How to Prove That Sin 1 x is Continuous
How to prove $\sin(1/x)$ is not uniformly continuous
Solution 1
Ultimately a very brief solution could be given to this problem, but I decided to write in some detail how you might approach it.
You want to negate the following: $$\forall \varepsilon>0,\exists\delta>0,\forall x,y, |x-y|<\delta\implies|f(x)-f(y)|<\varepsilon.$$
You can write out what that negation is rather mechanically, swapping universal and existential quantifiers, until you finally negate the implication by ensuring that $|x-y|<\delta$ and $|f(x)-f(y)|\geq \varepsilon$. See here for a discussion of dissecting analysis problems like this by Tim Gowers.
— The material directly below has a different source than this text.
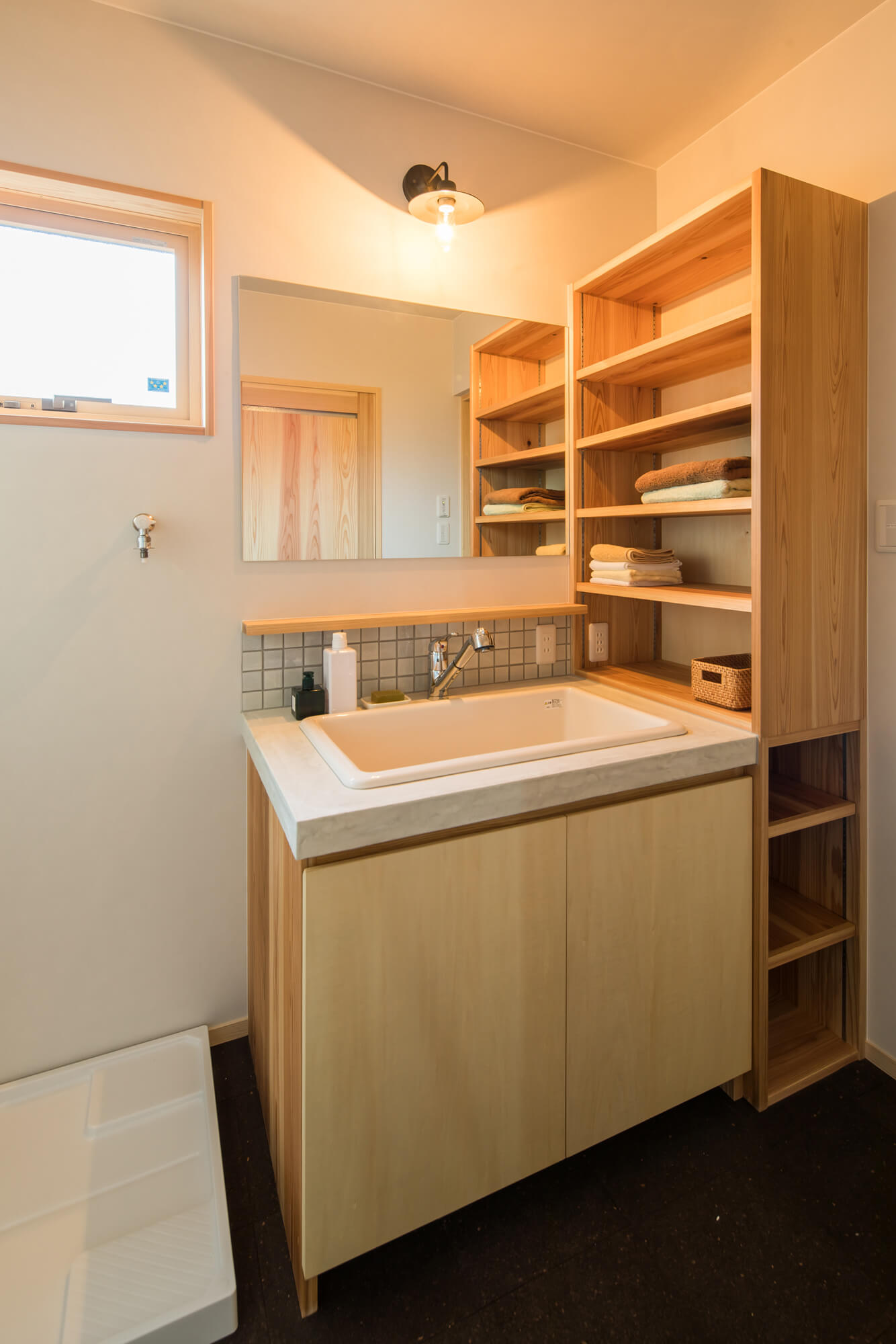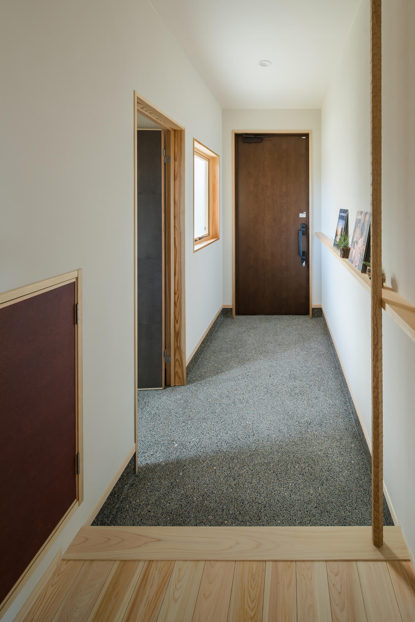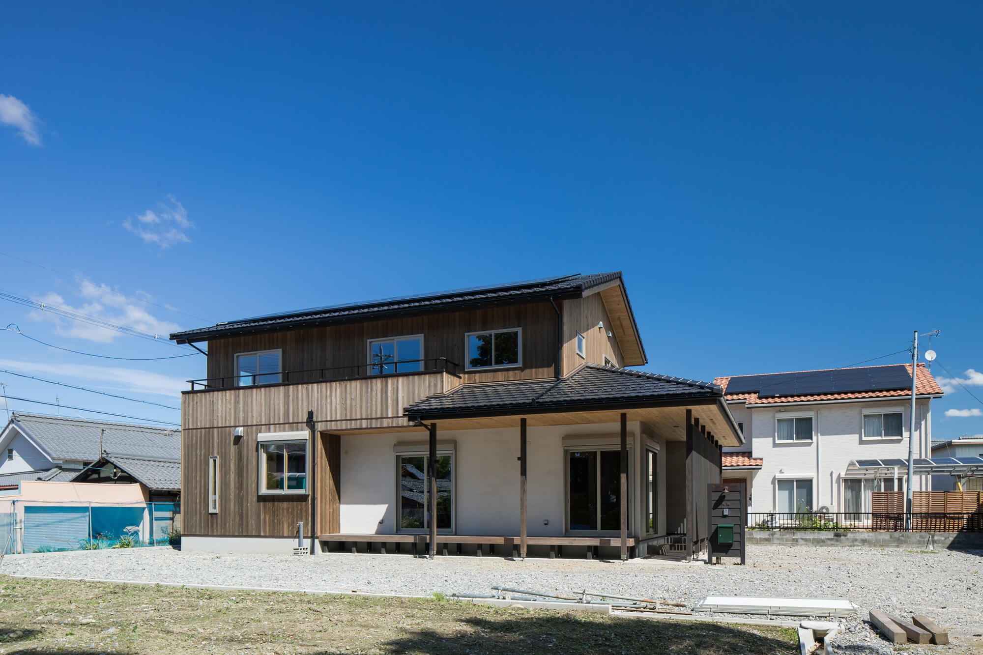 外壁にはウッドロングエコの杉板と火山灰のそとん壁を使用し、ほぼメンテナンスフリーになっています。室内もヒノキ・杉の床に珪藻土の塗り壁と長く住みつないでいける上質な家を目指した若い子育て世代の家です。建具も和紙貼りや杉の製作でオリジナルな仕上がりで、小上がりのスタディスペースや大容量の2階の本棚、板壁の書斎など家族の趣味も十分に反映された作りです。また、床下エアコンを採用し、高断熱の玄関ドア(YKKのイノベスト)や樹脂サッシの仕様で家中1台のエアコンで暖房してもエネルギーコストのかからない作りです。

That is, you want to prove:
$$\exists \varepsilon>0,\forall\delta>0,\exists x,y,\text{ such that } |x-y|<\delta\text{ and }|f(x)-f(y)|\geq\varepsilon.$$
Before giving the final argument, it is a good idea to experiment in a "backwards" fashion; think about where you want to end up and how you can get there. Roughly, the conclusion "$|x-y|<\delta\text{ and }|f(x)-f(y)|\geq\varepsilon$" will be saying that $x$ and $y$ will be close while $f(x)$ and $f(y)$ will stay a distance $\varepsilon$ away. The property of $\sin(1/x)$ that allows this to happen is that it oscillates like crazy between $1$ and $-1$ over smaller and smaller intervals of $x$ values. So there will be "nearby" $x$ and $y$ such that $f(x)=-1$ and $f(y)=1$. The distance between the function values here is $2$, while the distance between the input values can be arbitrarily small. This leads to the conclusion that $\varepsilon = 2$ will be a sufficient choice.
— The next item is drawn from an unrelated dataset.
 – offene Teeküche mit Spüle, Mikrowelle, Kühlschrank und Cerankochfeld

Next, with $\varepsilon$ fixed at $2$, and $\delta>0$ arbitrary but fixed, you need to show that there are $x$ and $y$ with $|x-y|<\delta$ and $|f(x)-f(y)|\geq 2$. As indicated above, the last part can be achieved by ensuring that $f(x)=-1$ and $f(y)=1$. For what $x$ and $y$ is it true that $\sin(1/x)=-1$ and $\sin(1/y)=1$? Use what you know about the sine function to answer this question (I'll leave this to you). Notice that the choices of such $x$ and $y$ get arbitrarily close to $0$, and in particular you can choose such $x$ and $y$ with $0<x,y<\delta$, which implies that $|x-y|<\delta$.
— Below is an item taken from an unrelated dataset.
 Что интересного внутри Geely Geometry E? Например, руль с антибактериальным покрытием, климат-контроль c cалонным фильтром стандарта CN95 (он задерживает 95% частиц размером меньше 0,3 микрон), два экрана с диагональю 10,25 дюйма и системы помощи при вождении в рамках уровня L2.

Largely the same approach applies to $x\sin(x)$, except that its reason for not being uniformly continuous changes. Now the problem is where $x$ gets very large, and the rate of oscillation doesn't change, but the amplitude does. A hint is to consider the function values at $x=2\pi n$ and $y=2\pi n + c$, where $c>0$ is "small", as $n$ goes to infinity.
Solution 2
Choose two sequences $T_n = \frac{1}{n}$ and $S_n = \frac{1}{n+\pi}$. Their difference goes to zero as $n$ goes to infinity. But $|f(S_n)-f(T_n)|=\left|2 \sin\left(\frac{n+\pi-n}{2}\right)\cos\left(\frac{n+\pi+n}{2}\right)\right|=\left|2 \cos\left(n+\frac{\pi}{2}\right)\right|=\left|2\sin(n)\right|>0$ for $n \in \mathbb{N}$, so the function is not uniformly continuous.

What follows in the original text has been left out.